Data extracted from a collection
......
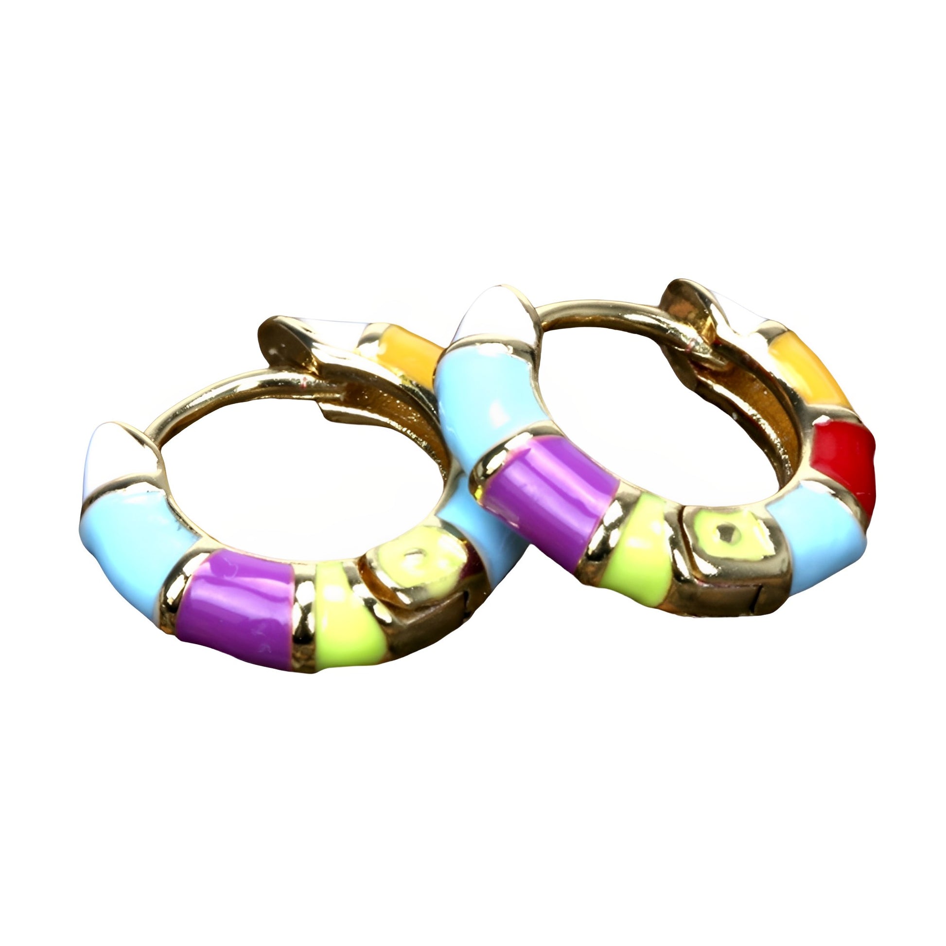 These colorful geometric-style enamel earrings are the perfect way to add some pop to your outfit. They're lightweight and delicate, so they'll never weigh you down. You can wear them with any outfit, from jeans and a T-shirt to a dress. They're perfect for anyone who wants to make a statement while also keeping it classy! Make these a new addition to your own jewelry box or give them as a thoughtful gift!
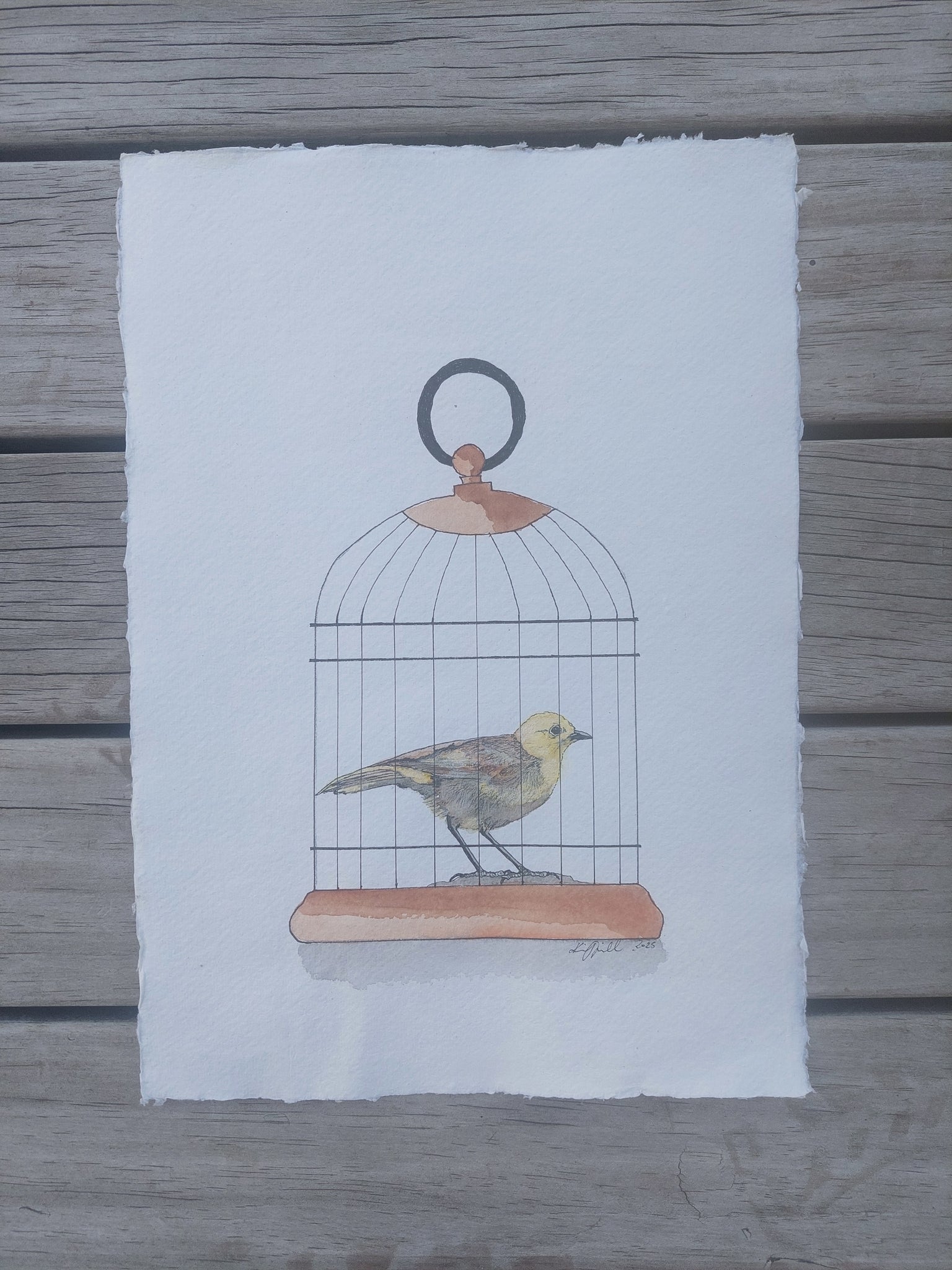 Watercolour and ink pen on A4 150gsm Khadi handmade 100% cotton rag acid-free paper.
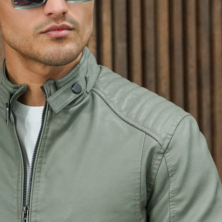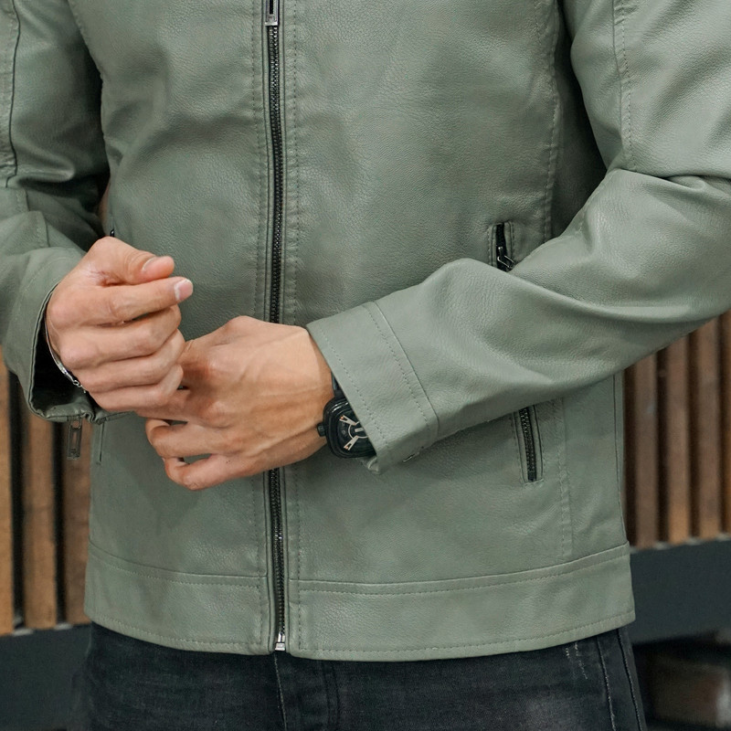 کت چرم مردانه/ دوخت عالی/ زیپ بسیار با کیفیت/ متریال وارداتی/ یقه ایستاده/ دو جیب زیپ دار در جلو/ آستین زیپ دار/کت اسلیم فیت/ لطفا تا دو سایز بالاتر از سایز خود سفارش دهید/ رنگ:سبز
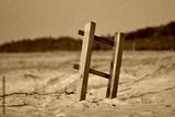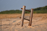 Drewniaana drabinka (płotek) na środku suchego, piaszczystego terenu, przysypana piaskiem, w rozmytym tle sucha trawiasta roślinność i zieleń, niebieskie niebo
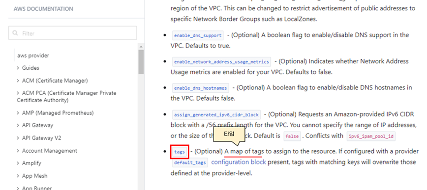 vpc 공식문서를 참조하면 tag인자는 map타입입니다. map 타입이므로 key=value형태로 코드를 작성하면 됩니다.
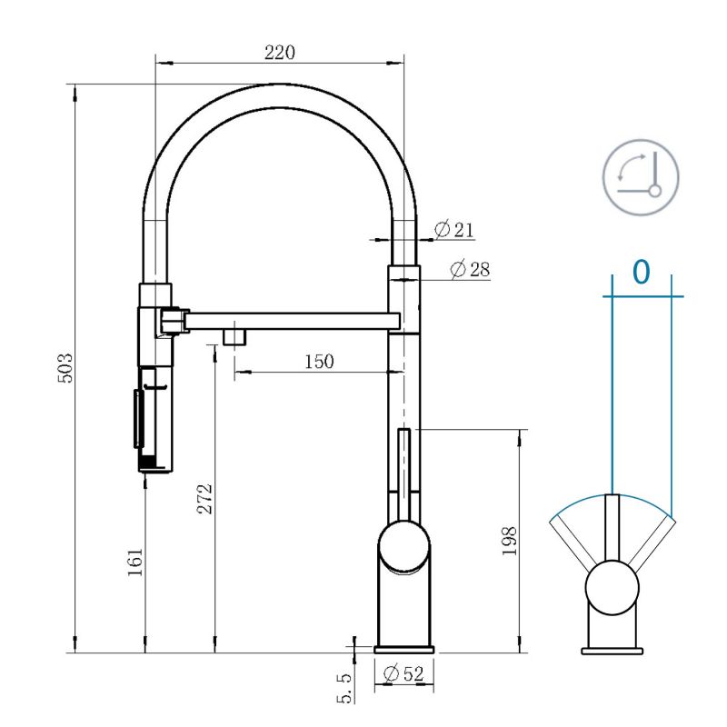 • Высота смесителя:
......
# What you should do
All of the entries above are to be written out exactly, with no pictures.

# Result for this exercise
 These colorful geometric-style enamel earrings are the perfect way to add some pop to your outfit. They're lightweight and delicate, so they'll never weigh you down. You can wear them with any outfit, from jeans and a T-shirt to a dress. They're perfect for anyone who wants to make a statement while also keeping it classy! Make these a new addition to your own jewelry box or give them as a thoughtful gift!
 Watercolour and ink pen on A4 150gsm Khadi handmade 100% cotton rag acid-free paper.
 کت چرم مردانه/ دوخت عالی/ زیپ بسیار با کیفیت/ متریال وارداتی/ یقه ایستاده/ دو جیب زیپ دار در جلو/ آستین زیپ دار/کت اسلیم فیت/ لطفا تا دو سایز بالاتر از سایز خود سفارش دهید/ رنگ:سبز
 Drewniaana drabinka (płotek) na środku suchego, piaszczystego terenu, przysypana piaskiem, w rozmytym tle sucha trawiasta roślinność i zieleń, niebieskie niebo
 vpc 공식문서를 참조하면 tag인자는 map타입입니다. map 타입이므로 key=value형태로 코드를 작성하면 됩니다.
 • Высота смесителя:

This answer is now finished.